There are differences between code paths. A SQL concatenation in dead code, a test file, or behind a sanitisation function is not the same as one that is in a production endpoint.

We look at:

  • Can this code be reached from an entry point?

  • Does this input really get user input?

  • Are there steps to clean up in between?

1# Traditional SAST marks both of these the same way:
2
3# 1. Real vulnerability: direct user 
4inputuser_id = request.args.get('id')db.execute(f"SELECT * FROM users WHERE id = {user_id}")
5
6# 2. False positive: hardcoded value in migration
7db.execute(f"SELECT * FROM users WHERE id = {SYSTEM_USER_ID}")

Context-aware analysis knows the difference. The first is marked. The second one is filtered.

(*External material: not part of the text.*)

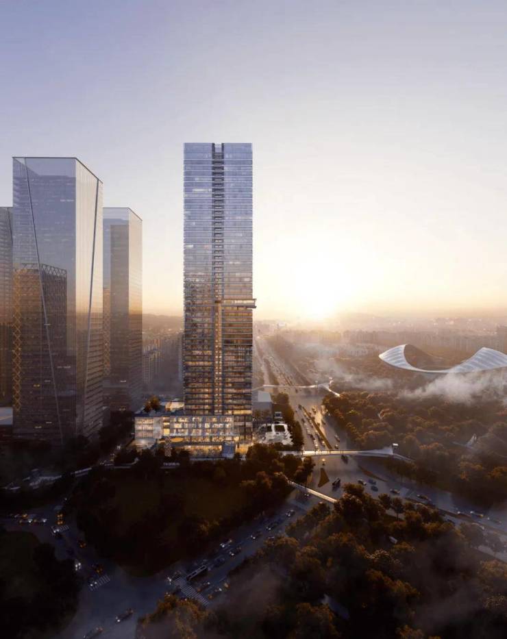 华侨城宝辰,高度约230米,总建面约13.5万㎡,是片区天际线的“制高点”代表,致力于打造集城市中心丰盛配套、公园绿地、精品地铁商业、互联社交空间为一体的区府CBD湾芯公园资产典范。

Keeping Track of Data Flow

Pattern matching examines each line separately. Semantic analysis looks at data all the way through the application.

1// File: api/users.js
2export async function getUser(req, res) {
3  const userId = sanitize(req.params.id); // Sanitised here
4  const user = await userService.find(userId);
5  res.json(user);
6}
7// File: services/userService.js
8export async function find(id) {
9  return db.query(`SELECT * FROM users WHERE id = ${id}`); // SAST flags this
10}

SAST sees that the query has string interpolation and marks it. Semantic analysis follows the flow of data from req.params.id to sanitise(), then to userId, then to id, and finally to the query. This is safe because it has been cleaned.

Grouping by Logic

A lot of "separate" findings are really just the same problem reported over and over:

  • Finding 1: SQL injection in line 42 of UserService.find()

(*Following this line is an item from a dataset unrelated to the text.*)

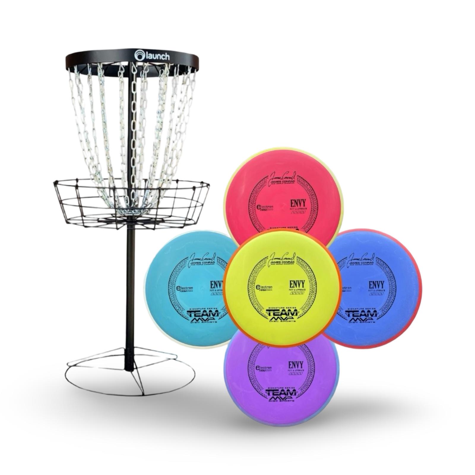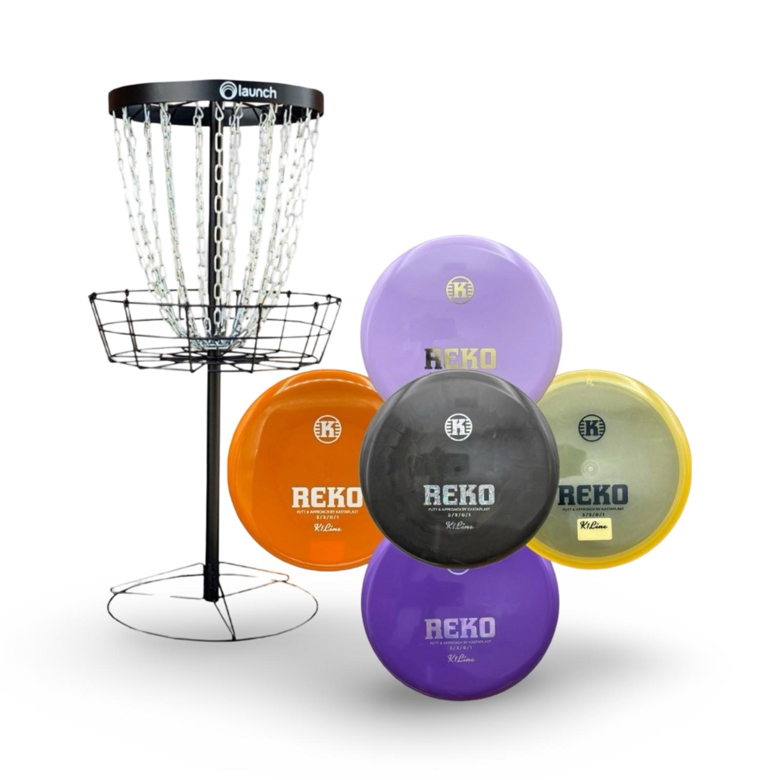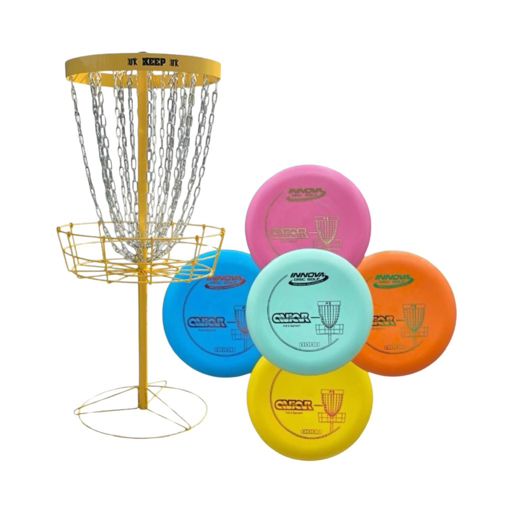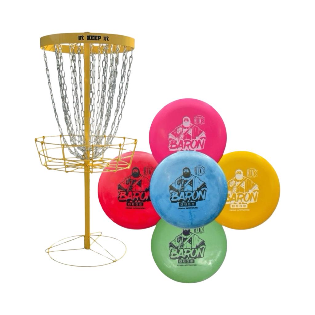This set includes a Black Keep basket, a durable and portable target designed for serious practice, bundled with 5 of the most popular putters from some of the biggest names in disc golf:

  • Finding 2: SQL injection in line 45 of UserService.find()

  • Finding 3: There is a SQL injection in line 48 of UserService.find()

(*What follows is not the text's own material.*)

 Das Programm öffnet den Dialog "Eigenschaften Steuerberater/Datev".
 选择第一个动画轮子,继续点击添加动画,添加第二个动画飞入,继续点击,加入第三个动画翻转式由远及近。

  • Finding 4: Line 67 of UserService.findAll() has a SQL injection

  • Finding 5: SQL injection in line 89 of UserService.findById()

A weak database utility function is the root cause of all of these problems. One fix fixes everything. We group similar findings by their root cause, which makes 50 alerts into 1 issue that can be acted on. Instead of playing whack-a-mole, your team fixes the pattern once.


Don't Let Noise Drown You

We looked at 45 repositories and got rid of more than 1,000 false positives while finding 225 real vulnerabilities. Project maintainers accepted our findings 90.24% of the time.

That's the difference between security tools that help and those that get in the way.


This analysis is based on our ongoing security research across more than 45 open-source repositories. "Why We Found 225 Vulnerabilities That SAST Missed in 45 Open Source Projects" has the full methodology and results.